Épisode 95

May 24, 2023

James Slotnick parle de politique de relèvement du plafond de la dette américaine

James Slotnick, chef des Affaires gouvernementales et de la durabilité à la Sun Life, parle des pourparlers au Congrès au sujet du relèvement de la dette d’ici le 1er juin.

Steve Peacher : Bonjour tout le monde, ici Steve Peacher, président de Gestion SLC. J’ai le plaisir de m’entretenir de nouveau aujourd’hui avec James Slotnick, qui est le vice-président et chef des Affaires gouvernementales et de la durabilité à la Sun Life. Merci, James, d’avoir accepté mon invitation.

James Slotnick : Tout le plaisir est pour moi, Steve. C’est notre troisième ou quatrième entretien, n’est-ce pas? Si vous m’invitez une cinquième fois, il faudra que je porte une veste arborant le chiffre « 5 », comme c’était la tradition à Saturday Night Live. Mais nous verrons comment je me débrouille aujourd’hui, et s’il y a lieu, que vous me réinvitiez.
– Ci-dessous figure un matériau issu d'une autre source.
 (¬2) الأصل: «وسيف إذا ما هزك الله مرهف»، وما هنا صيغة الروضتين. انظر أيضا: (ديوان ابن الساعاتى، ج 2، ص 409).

Steve Peacher : Jusqu’à présent, James, vous avez su captiver l’attention de nos auditeurs, et nous avons pris l’habitude de vous inviter chaque fois qu’il se passe quelque chose à Washington qui a un large impact sur l’économie, comme les élections ou des changements à la législation. Cet épisode est enregistré le mardi 23 mai en matinée, et nous nous entretiendrons sur le plafond de la dette, un sujet qui a fait l’objet de moult débats au fil des années, jusqu’à ce que le Congrès annonce qu’il est parvenu à une entente à la toute dernière minute. Mais, chaque fois, nous nous demandons si cette fois-ci le pire ne pourra pas être évité. Alors, pourquoi continuer de croire que cette fois-ci, la Maison-Blanche et le Congrès arriveront à une entente? Parce que, dans le passé, ils ont toujours réussi à arriver à une entente, même si elle a eu des conséquences. Il y a quelques années, la dette a été déclassée par l’une des agences de notation. Mais doit-on penser que rien ne sera fait dans ce cas-ci?
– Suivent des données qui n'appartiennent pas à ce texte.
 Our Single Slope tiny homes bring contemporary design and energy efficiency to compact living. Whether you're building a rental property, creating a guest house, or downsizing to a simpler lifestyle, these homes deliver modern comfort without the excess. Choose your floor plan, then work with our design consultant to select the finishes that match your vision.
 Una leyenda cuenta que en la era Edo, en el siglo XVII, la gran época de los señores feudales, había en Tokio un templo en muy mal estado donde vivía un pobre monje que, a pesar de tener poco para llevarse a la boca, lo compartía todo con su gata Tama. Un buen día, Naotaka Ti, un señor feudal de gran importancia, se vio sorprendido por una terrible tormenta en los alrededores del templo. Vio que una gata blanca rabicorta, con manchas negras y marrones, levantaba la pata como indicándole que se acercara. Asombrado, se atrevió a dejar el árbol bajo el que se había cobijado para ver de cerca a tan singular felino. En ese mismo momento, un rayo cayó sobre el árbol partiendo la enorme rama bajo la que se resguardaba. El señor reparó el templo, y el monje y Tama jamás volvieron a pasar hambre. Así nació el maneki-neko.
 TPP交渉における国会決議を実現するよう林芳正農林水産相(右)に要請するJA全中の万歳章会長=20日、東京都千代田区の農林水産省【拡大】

James Slotnick : On a l’impression que tous les éléments sont réunis pour qu’ils ne parviennent pas à conclure une entente : une faible majorité pour les républicains à la Chambre des représentants, et une très faible majorité pour les démocrates au Sénat. En revanche, quand on voit ce que la Chambre a pu faire il y a 2 ou 3 semaines, avec la Limit, Save and Grow Act, qui a été adoptée à une voix près, et qui a relevé le plafond de la dette sous réserve de réductions des dépenses en guise de compensation, tout porte à croire qu’une entente pourrait être conclue. La semaine dernière, une quarantaine de républicains ont signé une lettre disant qu’ils soutenaient l’esprit et la lettre de la Limit, Save and Grow Act. On a donc l’impression que les républicains sont prêts à s’investir un peu et à s’assurer qu’ils obtiennent ce qu’ils veulent. Cela dit, je pense que le président Biden est prêt à négocier. De plus, nous avons l’impression d’être en 2011, et qu’une entente sera conclue à la toute dernière minute. À l’époque, le président Boehner avait négocié directement avec le président Obama; aujourd’hui, le président McCarthy et son équipe ont négocié directement avec le président Biden. Ainsi, bien que tous les éléments soient réunis pour qu’ils ne puissent pas conclure d’entente, je pense qu’ils parviendront à conclure une entente en fin de compte.

Steve Peacher : Et, en supposant qu’ils parviennent à conclure une entente, quelle en sera la teneur? À votre avis?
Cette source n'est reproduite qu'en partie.